About this task: With the exception of the pictures, transcribe the entire listing exactly.

Exercise data:
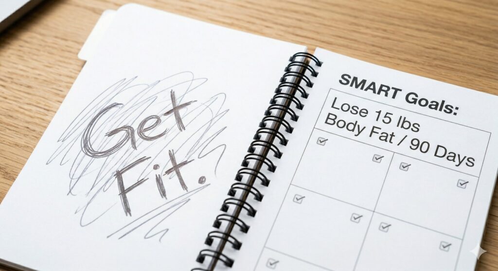 Vague goals like “get fit” produce vague results. SMART fitness goals (Specific, Measurable, Achievable, Relevant, Time-bound) create clarity and direction that fuel exercise motivation. Instead of “I want to lose weight,” write: “I will lose 15 lbs of body fat in 90 days by training 4x per week and tracking my nutrition daily.” This specific goal gives you something concrete to work toward each session.
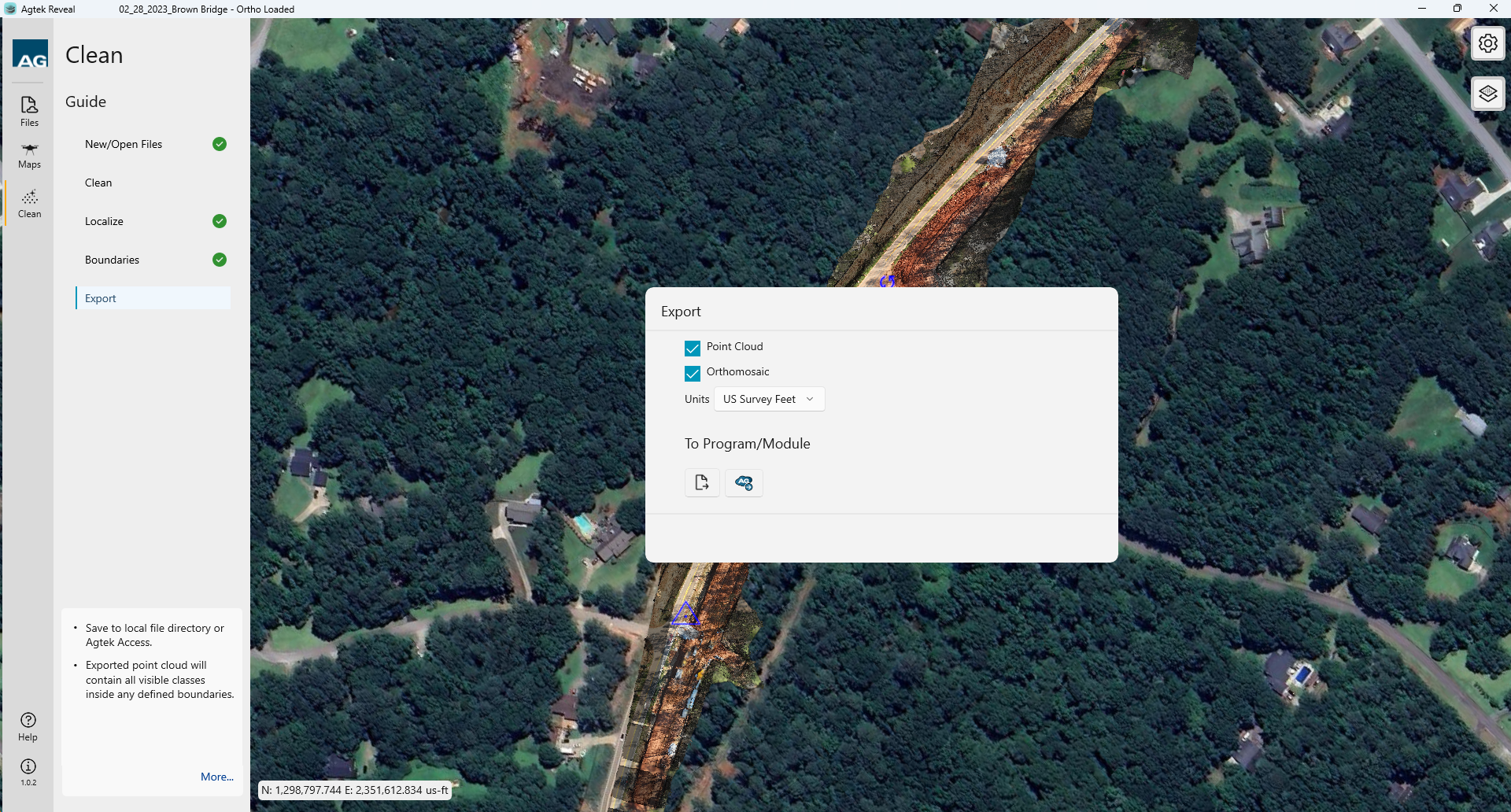 Reveal allows you to export your optimized data sets to your local machine or directly to Agtek Access. Select the data you would like to include then the location icon you wish to save into.
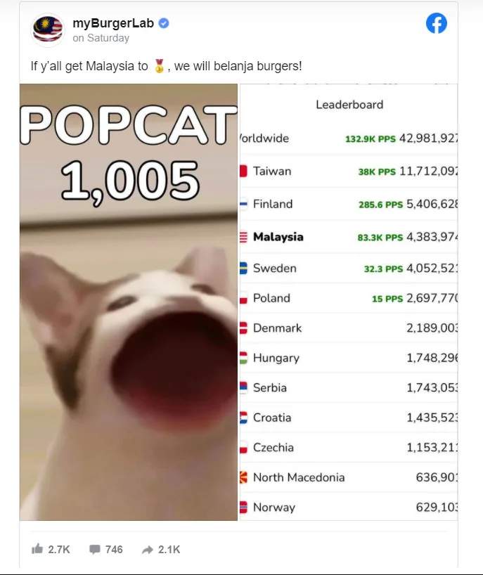 When it comes to Malaysia’s fighting spirit, there’s no match for it, be it for cheering on our athletes during major sports events or even debating with Singaporeans on whose food is tastier! Well, now, with the Olympics being done and dusted with many of us, awaiting eagerly for the 2024 Olympics to commence, Malaysians have definitely brought a new meaning to online competitions by immersing themselves in the addictive game of POPCAT.

Exercise answer:
 Vague goals like “get fit” produce vague results. SMART fitness goals (Specific, Measurable, Achievable, Relevant, Time-bound) create clarity and direction that fuel exercise motivation. Instead of “I want to lose weight,” write: “I will lose 15 lbs of body fat in 90 days by training 4x per week and tracking my nutrition daily.” This specific goal gives you something concrete to work toward each session.
 Reveal allows you to export your optimized data sets to your local machine or directly to Agtek Access. Select the data you would like to include then the location icon you wish to save into.
 When it comes to Malaysia’s fighting spirit, there’s no match for it, be it for cheering on our athletes during major sports events or even debating with Singaporeans on whose food is tastier! Well, now, with the Olympics being done and dusted with many of us, awaiting eagerly for the 2024 Olympics to commence, Malaysians have definitely brought a new meaning to online competitions by immersing themselves in the addictive game of POPCAT.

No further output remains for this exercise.